Holding A Mirror Up To The Industry: Laura Kate Dale and Jane Aerith Magnet on their book Who Hunts the Whale

Factual reporting has shone a spotlight on a number of industry workplace issues, but there are shadows still to be illuminated. Richie Shoemaker spoke to the authors of Who Hunts the Whale to see if a healthy dose of fiction might better reflect the workaday reality of making games.

It feels like – and therefore is probably the case – that more unpleasant stories about the games industry have come to light over the last couple of years than that at any point in its history. There’s no need to go over the charge sheet here, but it’s worth mentioning that even though we haven’t seen too many reports recently of enforced unpaid overtime or blatant sexism in the workplace, it doesn’t mean these things aren’t going on. Sure, most would recognise that the situation is getting better (and it coming to light that things were much worse is part of that process, of course), but relative calm does not mean a storm isn’t about to blow in from somewhere. We all know it’s just a question of when, not if.
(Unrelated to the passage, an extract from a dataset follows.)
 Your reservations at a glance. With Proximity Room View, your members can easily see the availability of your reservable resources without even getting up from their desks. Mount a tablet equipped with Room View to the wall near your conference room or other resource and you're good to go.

While we wait for the inevitable toxicity headlines to supplant the more recent spate of redundancy ones, how about a fictitious account of recent events in the form of Who Hunts The Whale? Co-authored by Laura Kate Dale and Jane Aerith Magnet, the novel recounts the diary entities of Paige Avery, a young university graduate who secures something of a dream job as a PA at a triple-A games publisher in New York. Her job takes her from the boardroom where the decisions are made, to the darkest corners of the building where the effects are most keenly felt. It is, as you might imagine, a damning and darkly funny indictment of executive decision making, but also reflective of the kinds of intense rank-and-file friendships and personal rivalries that are fostered through adversity.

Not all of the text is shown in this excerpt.